Writing web applications is often simplified by the use of a web application framework, A web framework is a software framework that is designed to support the development of web applications including web services, web resources, and web APIs. The examples are ASP.net for C#, Spring for Java, Django for Python, and Angular for JavaScript. When you dedicate to web applications, you should be familiar with databases, web servers, the MVC pattern, and web programming languages such as JavaScript, Ajax, JSON, etc.

Mobile applications have become an inseparable part of our lives. From socializing, shopping, travel booking, and learning, to watching our favorite movies and TV shows, we have a mobile app for almost everything.

Some of the latest mobile development tools include Android Studio, AppCode, and Xcode;  languages include Java, Swift, and Objective-C. While doing web applications and Mobile applications, the factors to consider are timeline, scalability,  security, and complexity.

7. Artificial intelligence

Artificial intelligence means machine or computer behaves like a intelligent beings. It gets significate attraction recently because of its practical uses in real world, such as image recognition, natural language processing, speech recognition, facial recognition, robotics, recommendation system etc.

Any intelligence is a combination of Reasoning, learning, problem-solving perception, language understanding, etc. The reasoning is the process of deriving logical conclusions and making decisions from existing data. Probabilistic reasoning is to apply the concept of probability to indicate the uncertainty in knowledge.

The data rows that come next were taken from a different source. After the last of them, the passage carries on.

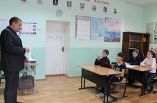 Вчера состоялась, ставшая традиционной, встреча учащихся с сотрудником полиции перед уходом на каникулы. Сотрудник МВД Тахауов И. рассказал учащимся о правилах правильного поведения на улице, на дороге, напомнил о требованиях 71-го Закона, запрещающего нахождение несовершеннолетних на улице после 22 часов без сопровождения взрослых.
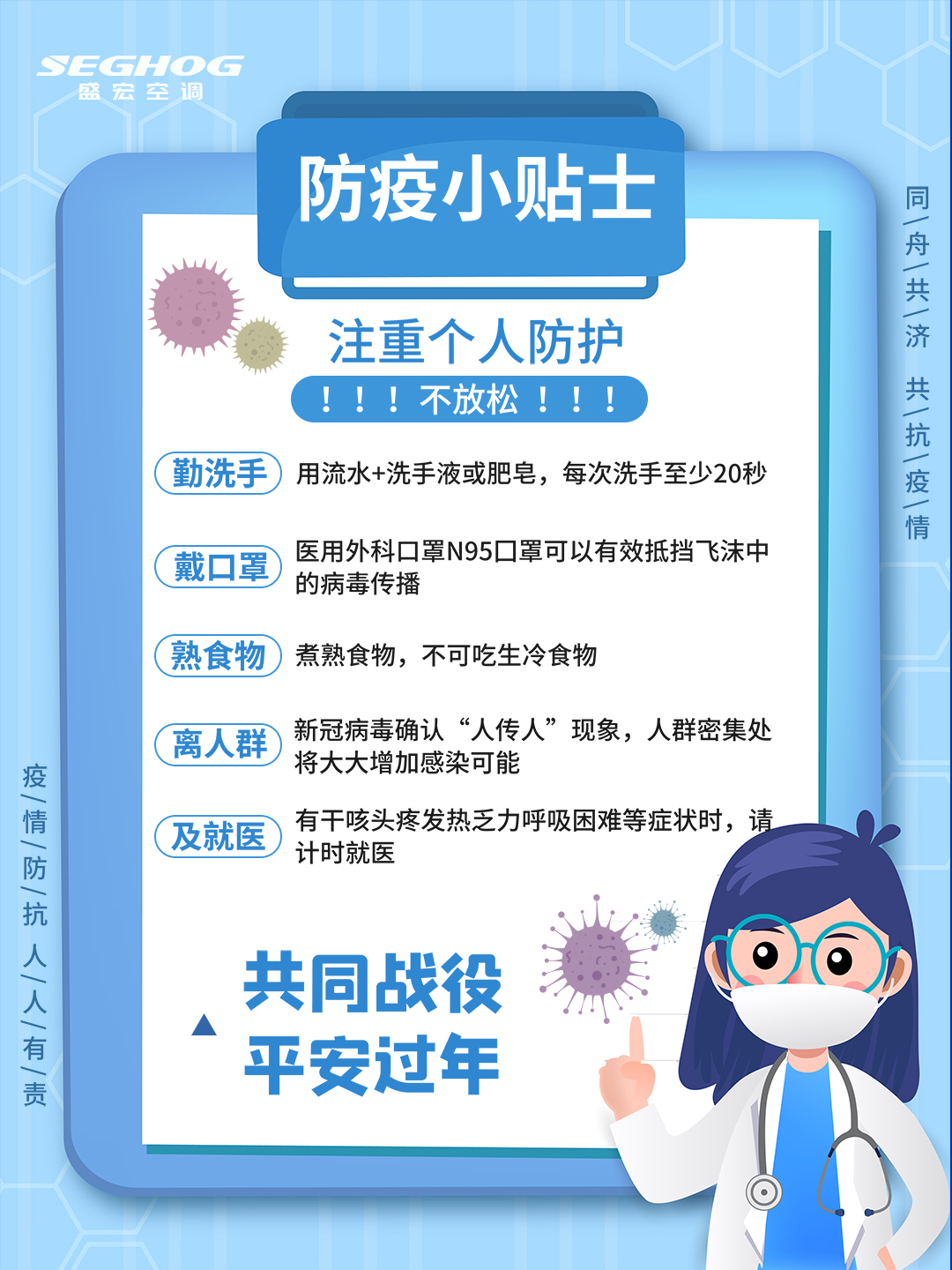新年之際,大家一定要做好預防措施,不聚會、不外出、出門戴口罩、勤洗手、勤通風等方法是非常有效的預防措施。堅定信心,齊心協力,團結應對。攜手贏得這場人類同重大傳染性疾病的斗爭。
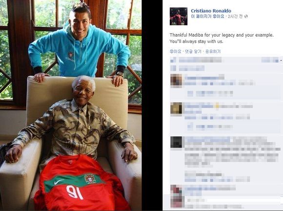 호날두는 6일(이하 한국시간) 자신의 SNS인 페이스북을 통해 과거 만델라와 찍은 사진을 공개하며 "당신이 이뤄낸 업적들에 감사하고 싶다"면서 "당신은 항상 우리와 함께 있을 것"이라고 말했다.
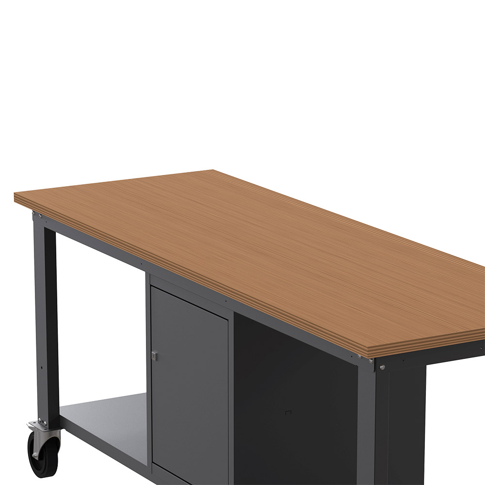 Banco da lavoro con ruote SOGI X3N_116LR - 2 m - piano in legno - armadio con anta
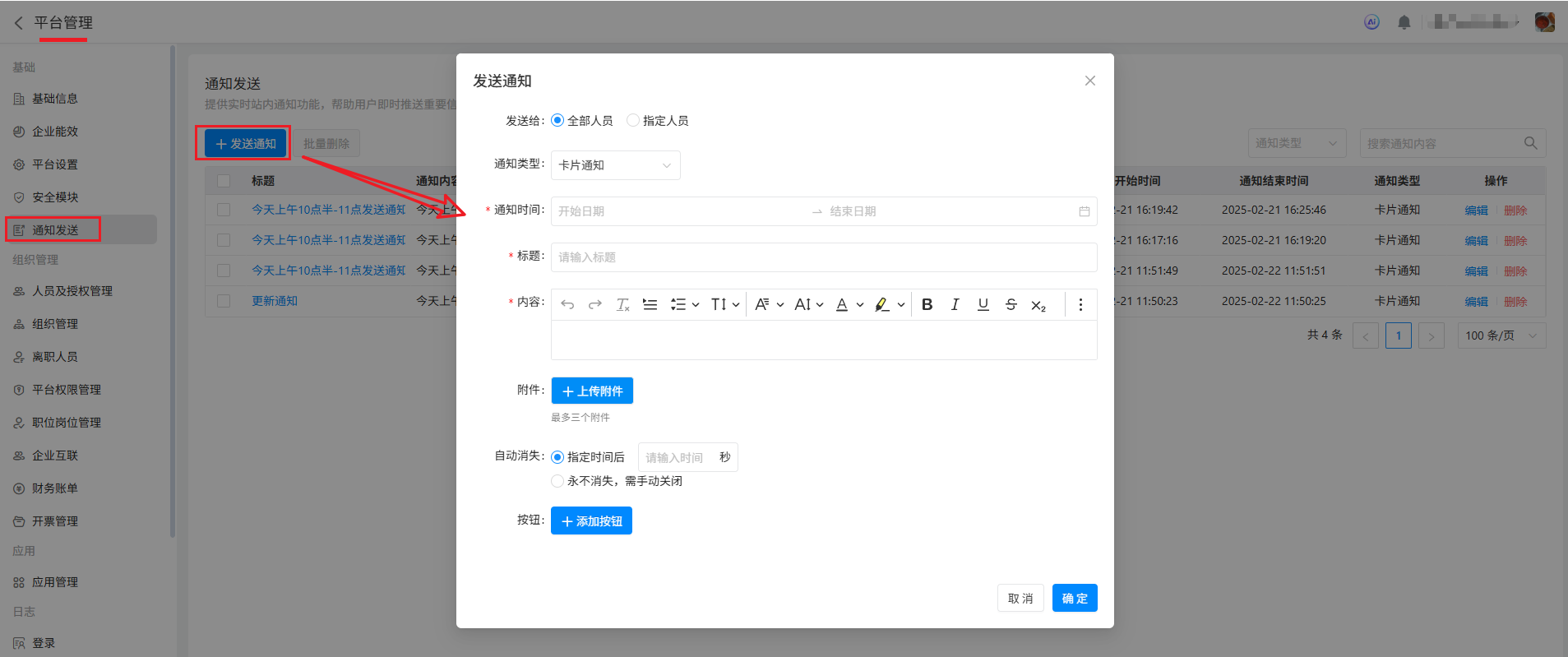 平台管理员点击「 首页 》平台管理 》通知发送 」进入通知发送页面。

As far as learning, there are different kinds of learning in artificial intelligence. Machine learning is a subset of AI that allows machines to learn from data without being assisted by humans. Deep learning enables this automatic learning through the absorption of huge amounts of unstructured data such as text, images, or video. Neural networks mimic the human brain through a set of algorithms. It makes up the backbone of deep learning algorithms.

Machine learning can be divided into three types: unsupervised learning, supervised learning,  and reinforcement learning. In Supervised learning,  All data is labeled and the algorithms learn to predict the output from the input data. In unsupervised learning, All data is unlabeled and the algorithms learn to inhere structure from the input data. Reinforcement learning is the strategy in which an agent takes actions in the environment to maximize the reward.

AI relies on mathematics and algorithms heavily. You should be comfortable with multivariable calculus, linear algebra, probability theory, and complexity theory before studying AI. While studying AI, you will learn the following algorithms in depth,  Naive Bayes, Markov decision process, K-nearest neighbors, K means, decision tree, and random forest.